Figure 1.7 An example of electromigration electromigration‐induced failure of void formation in Cu interconnects. (a) Electrons drifted from the bottom Cu line to the top Cu line. (b) Electrons drifted from the top Cu line to the bottom Cu line.
1.6 The Future of Electronic Packaging Technology
In the near future, the R&D of packaging technology for 3D IC devices will be the focus. The role of electronic packaging in Si‐based microelectronic technology is getting more and more important. In turn, reliability will be of major concern. The introduction of AI to facilitate the applications to new 3D IC devices and the reduction of the time‐consuming reliability tests will demand our concentrated effort. In the long run, the applications of electronic packaging technology to biomedical devices will be important. For example, as people lives longer, diabetes is common in old age. To determine oxygen content and sugar content in our blood, we use invasive method to obtain a drop of blood from our finger for measurement. It is very unpleasant! If we can invent a noninvasive method, for example by wearing a mobile device around our finger or arm, it will greatly reduce the unpleasant feeling in our daily live if we have diabetes. Even better, if we can implant a small device in our body to perform the blood testing function, we will need to understand the interfacial interaction between biological and nonbiological materials. In other words, we will need to study bio‐compactable materials, as well as the chemical reactions in body fluid at body temperature. Furthermore, we may need to join a biomaterial to a non‐biomaterial. To do so, we may need a low‐temperature solder or binder which can decompose slowly in the body. However, the melting point of the common Pb‐free solder, the eutectic SnAg, is over 200 °C, to be discussed in Chapter 4 on solder joint reactions. We may need a new solder whose wetting temperature is around 100 °C, which is above the working temperature and near the body temperature, for biomedical devices. While these issues are beyond the scope of this book, we note that the future of electronic packaging technology has a long way to go.
1.7 Outline of the Book
The following chapters will be divided into three parts. In Part I, we cover briefly the history of bonding technology in Chapter 2, starting from wire‐bonding, tab‐automated bonding (TAB), flip chip C‐4 solder joint bonding, micro‐bump bonding, Cu‐to‐Cu direct bonding, and hybrid bonding. In Chapter 3, we shall cover the structure, properties, and applications of randomly oriented and (111) unidirectionally oriented nano‐twin Cu. Then, Chapters 4 and 5 will be dedicated to chemical reactions and kinetic processes in solder joint formation. Chapter 4 will review solid–liquid interfacial diffusion (SLID) reactions between liquid solder and Cu. Chapter 5 will review solid–solid reactions between solid solder and Cu upon annealing. The kinetics of growth of IMC, which is a stoichiometric compound without composition gradient, has been an outstanding problem in the kinetic analysis of layered interfacial reactions. We introduce Wagner’s diffusivity to overcome it.

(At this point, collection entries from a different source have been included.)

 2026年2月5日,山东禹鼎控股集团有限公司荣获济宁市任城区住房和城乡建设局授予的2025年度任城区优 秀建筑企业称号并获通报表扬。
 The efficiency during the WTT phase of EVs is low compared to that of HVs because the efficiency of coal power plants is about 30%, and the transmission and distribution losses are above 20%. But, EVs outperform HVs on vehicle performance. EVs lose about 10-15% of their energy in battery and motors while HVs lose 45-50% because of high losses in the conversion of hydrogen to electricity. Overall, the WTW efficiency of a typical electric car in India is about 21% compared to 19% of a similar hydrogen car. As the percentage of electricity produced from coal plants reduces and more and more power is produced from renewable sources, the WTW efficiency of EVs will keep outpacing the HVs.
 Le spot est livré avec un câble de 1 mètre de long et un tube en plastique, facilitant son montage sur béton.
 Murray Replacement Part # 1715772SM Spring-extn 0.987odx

Part II consists of three chapters related to electric circuitry in electronic packaging. The emphasis is about the design of low‐power devices and high intelligent integration. The technical issues of the need of faster rate and larger amount of data transport are discussed. How to increase the I/O density and the bandwidth in packaging technology are explained.

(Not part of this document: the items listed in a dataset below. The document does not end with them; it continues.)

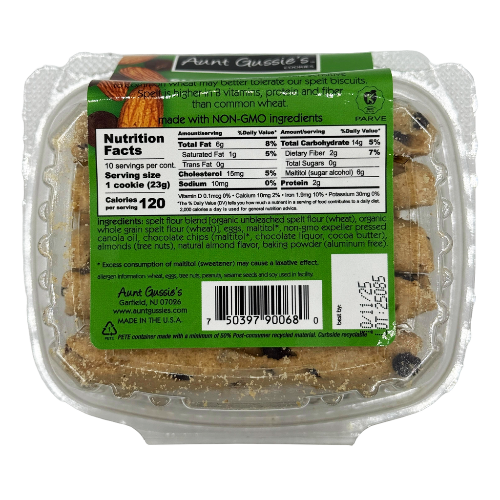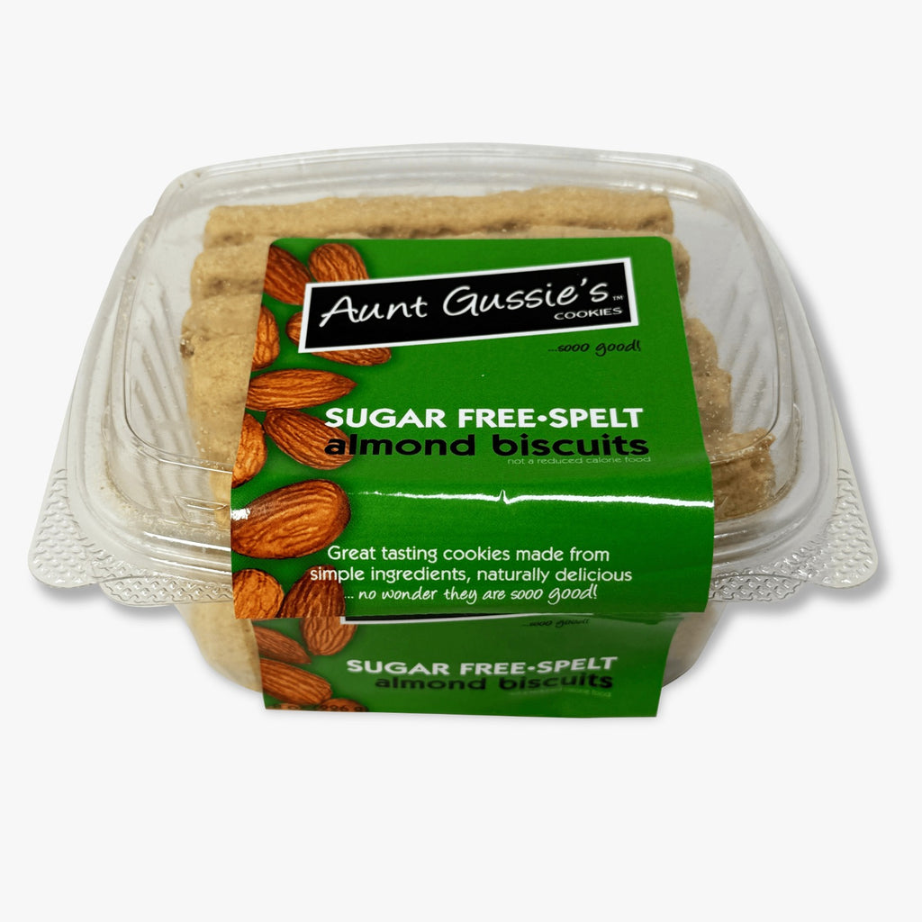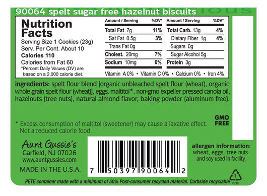 SugarAunt Gussie's Sugar Free Spelt Biscuits are made with organic Spelt flour and protein rich nuts. Spelt is an ancient grain that has a rich, nutty flavor. It is a superb source of fiber with high water solubility, allowing its nutrients to be more easily absorbed than common wheat. Aunt Gussie's Sugar Free Spelt Biscuits are crisp, sugar free, and sweetened with maltitol.
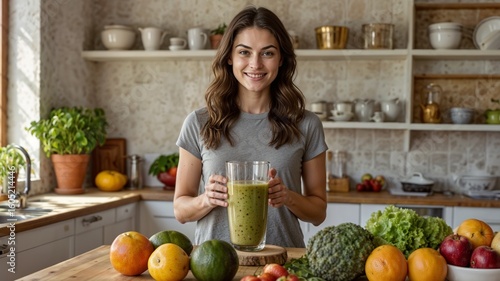 Healthy Start: Smiling woman in the kitchen, presenting a vibrant smoothie in a photorealistic setting, complemented by a fresh array of colorful fruits and vegetables.
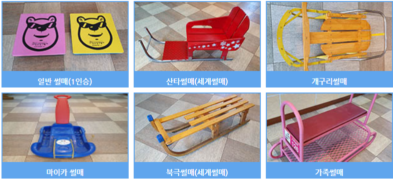 얼음썰매, 산타썰매, 개구리썰매, 마이카썰매, 북극썰매, 가족썰매 등 나라별, 용도별, 인원별로 구분된 다양한 썰매를 즐길 수 있습니다.
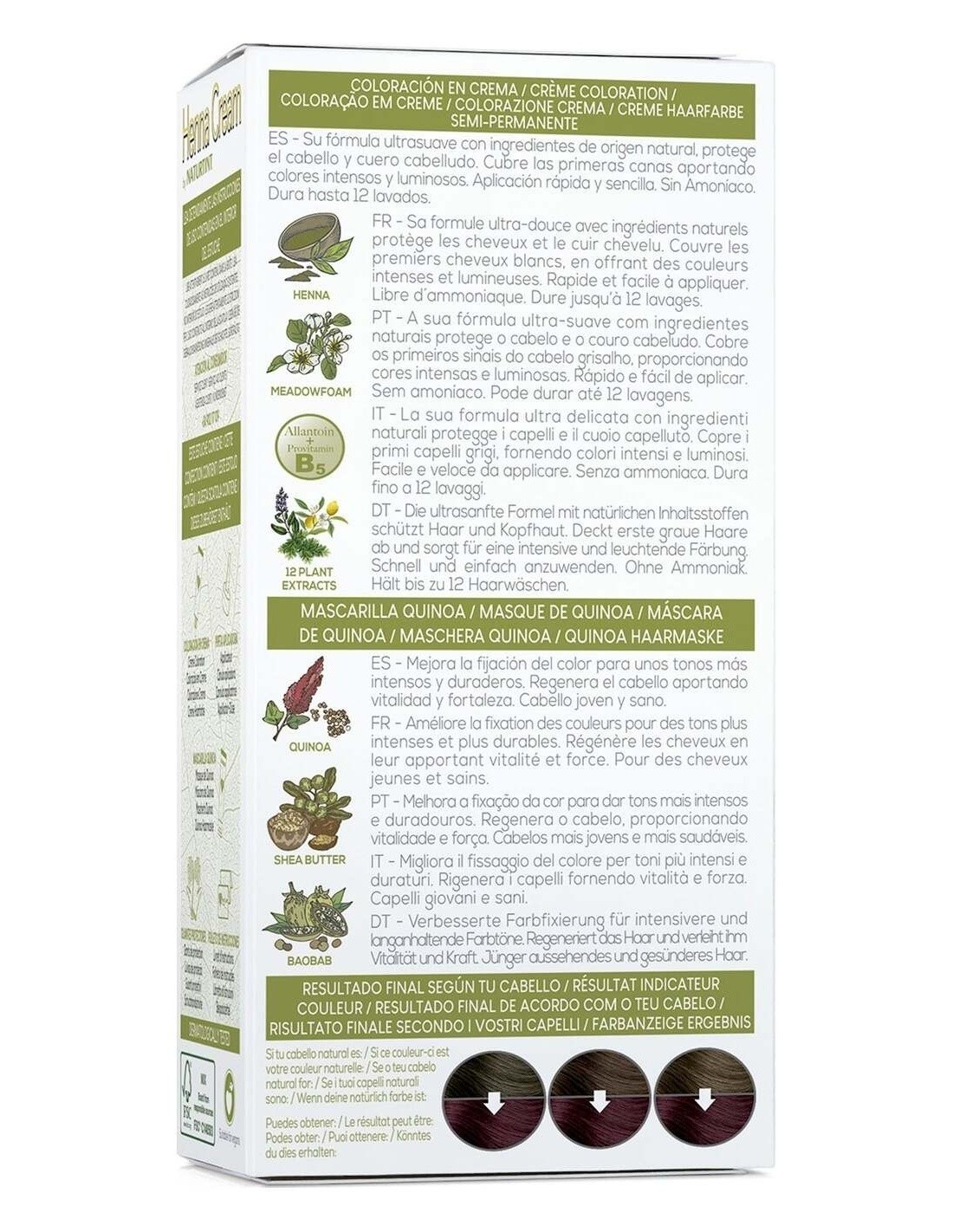 HENNA CREAM COLOURANT 60 ml: AQUA (PURIFIED WATER). BUTYLENE GLYCOL COCOATE. CETYL ALCOHOL. PROPANEDIOL. TRIETHANOLAMINE. PEG-2 DIMEADOWFOAMAMIDOETHYLMONIUM METHOSULFATE. CETEARYL ALCOHOL. GLYCERIN. LAWSONIA INERMIS LEAF EXTRACT. ROSMARINUS OFFICINALIS LEAF EXTRACT. CHAMOMILLA RECUTITA FLOWER EXTRACT. ARNICA MONTANA FLOWER EXTRACT. LAMIUM ALBUM EXTRACT. SALVIA OFFICINALIS LEAF EXTRACT. PINUS SYLVESTRIS BUD EXTRACT. NASTURTIUM OFFICINALE EXTRACT. ARCTIUM MAJUS ROOT EXTRACT. CITRUS LIMON PEEL EXTRACT. HEDERA HELIX LEAF EXTRACT. CALENDULA OFFICINALIS FLOWER EXTRACT. TROPAEOLUM MAJUS FLOWER EXTRACT. PANTHENOL. ALLANTOIN. HEXYLENE GLYCOL. CETEARETH-20. HYDROXYETHYLCELLULOSE. LAURETH-3. TETRASODIUM GLUTAMATE DIACETATE. PARFUM. SODIUM BENZOATE. POTASSIUM SORBATE. BASIC YELLOW 57. BASIC BROWN 16. BASIC BLUE 99. BASIC RED 51. BASIC RED 76. ACID VIOLET 43. CITRIC ACID. BENZYL SALICYLATE. LIMONENE. HEXYL CINNAMAL. LINALOOL.

Part III is a collection of chapters on reliability science. It begins with a chapter on irreversible processes of atomic flow, heat flow, and charge flow in interconnects. The topics of electromigration, thermomigration, stress migration, and failure analysis will be covered. The topic of men‐time‐to‐failure (MTTF) will be reviewed on the basis of entropy production.

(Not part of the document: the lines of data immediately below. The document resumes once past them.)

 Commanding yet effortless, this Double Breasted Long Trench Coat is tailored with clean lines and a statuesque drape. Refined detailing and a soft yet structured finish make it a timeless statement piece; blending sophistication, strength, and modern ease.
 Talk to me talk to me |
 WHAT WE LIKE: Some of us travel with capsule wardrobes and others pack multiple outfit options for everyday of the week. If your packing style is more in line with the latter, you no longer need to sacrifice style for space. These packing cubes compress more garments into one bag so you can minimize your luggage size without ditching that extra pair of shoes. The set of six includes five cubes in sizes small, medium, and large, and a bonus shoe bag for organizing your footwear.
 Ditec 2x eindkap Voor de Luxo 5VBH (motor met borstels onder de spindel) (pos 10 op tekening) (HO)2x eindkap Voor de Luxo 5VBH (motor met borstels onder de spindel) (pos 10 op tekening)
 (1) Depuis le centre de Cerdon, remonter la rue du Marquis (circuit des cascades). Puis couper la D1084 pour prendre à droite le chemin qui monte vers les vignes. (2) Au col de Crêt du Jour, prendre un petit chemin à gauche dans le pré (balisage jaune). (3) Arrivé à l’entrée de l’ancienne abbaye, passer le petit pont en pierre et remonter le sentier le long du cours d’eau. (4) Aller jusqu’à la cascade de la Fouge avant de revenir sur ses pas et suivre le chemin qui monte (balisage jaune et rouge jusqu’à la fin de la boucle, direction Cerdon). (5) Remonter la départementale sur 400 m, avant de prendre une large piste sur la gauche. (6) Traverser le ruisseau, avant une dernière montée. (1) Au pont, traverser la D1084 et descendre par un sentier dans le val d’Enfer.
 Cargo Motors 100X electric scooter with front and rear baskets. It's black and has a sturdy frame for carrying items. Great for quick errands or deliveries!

In the last chapter, Chapter 14, a discussion on how to use AI to accelerate the solving of reliability problems will be explored. We propose an X‐ray‐based graphic processing unit (X‐GPU) to analyze reliability failure distribution in any newly developed 3D IC device for mass production. The goal is to change the time‐dependent and time‐consuming reliability tests to time‐independent tests.
References
1 1 Chen, K.‐N. and Tu, K.N. (2015). Materials challenges in three‐dimensional integrated circuits. MRS Bulletin 40: 219–222.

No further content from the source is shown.